Published in final edited form as: Nucl Instrum Methods Phys Res A. 2007 Oct 1;580(2):968–970. doi: 10.1016/j.nima.2007.06.040

Small-animal CT – Its Difference from, and Impact on, Clinical CT

Erik L Ritman 1
PMCID: PMC2128617  NIHMSID: NIHMS31459  PMID: 18836514

Abstract

For whole-body CT images of small rodents, a voxel resolution of at least 10−3 mm3 is needed for scale-equivalence to that currently achieved in clinical CT scanners (∼1 mm3) in adult humans. These “mini-CT” images generally require minutes rather than seconds to complete a scan. The radiation exposure resulting from these mini-CT scans, while higher than clinical CT scans, is below the level resulting in acute tissue damage. Hence, these scans are useful for performing clinical-type diagnostic and monitoring scans for animal models of disease and their response to treatment. “Micro-CT”, with voxel size <10−5 mm3, has been useful for imaging isolated, intact organs at an almost cellular level of resolution. Micro-CT has the great advantage over traditional microscopic methods in that it generates detailed 3D images in relatively large, opaque, volumes such as an intact rodent heart or kidney. The radiation exposure needed in these scans results in acute tissue damage if used in living animals.

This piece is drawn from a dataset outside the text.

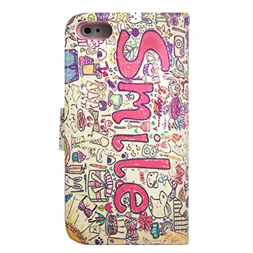 Iphone 5 Custodia, iphone 5s case cover, ISAKEN Creative Disegno Book Anti-graffio cover case cover - PU Leathlux Lovers Flip protettivo case Portafoglio Wallet Caso copertina con Magnetico e morbido TPU cassa interna per Apple iphone 5S 5 - Smile food ragazza

Experience with micro-CT is contributing to exploration of new applications for clinical CT imaging by providing insights into different modes of x-ray image formation as follows:

  1. Spatial resolution should be sufficient to detect an individual Basic Functional Unit (BFU, the smallest collection of diverse cells, such as hepatic lobule, that behaves like the organ), which requires voxels ∼10−3 mm3 in volume, so that the BFUs can be counted.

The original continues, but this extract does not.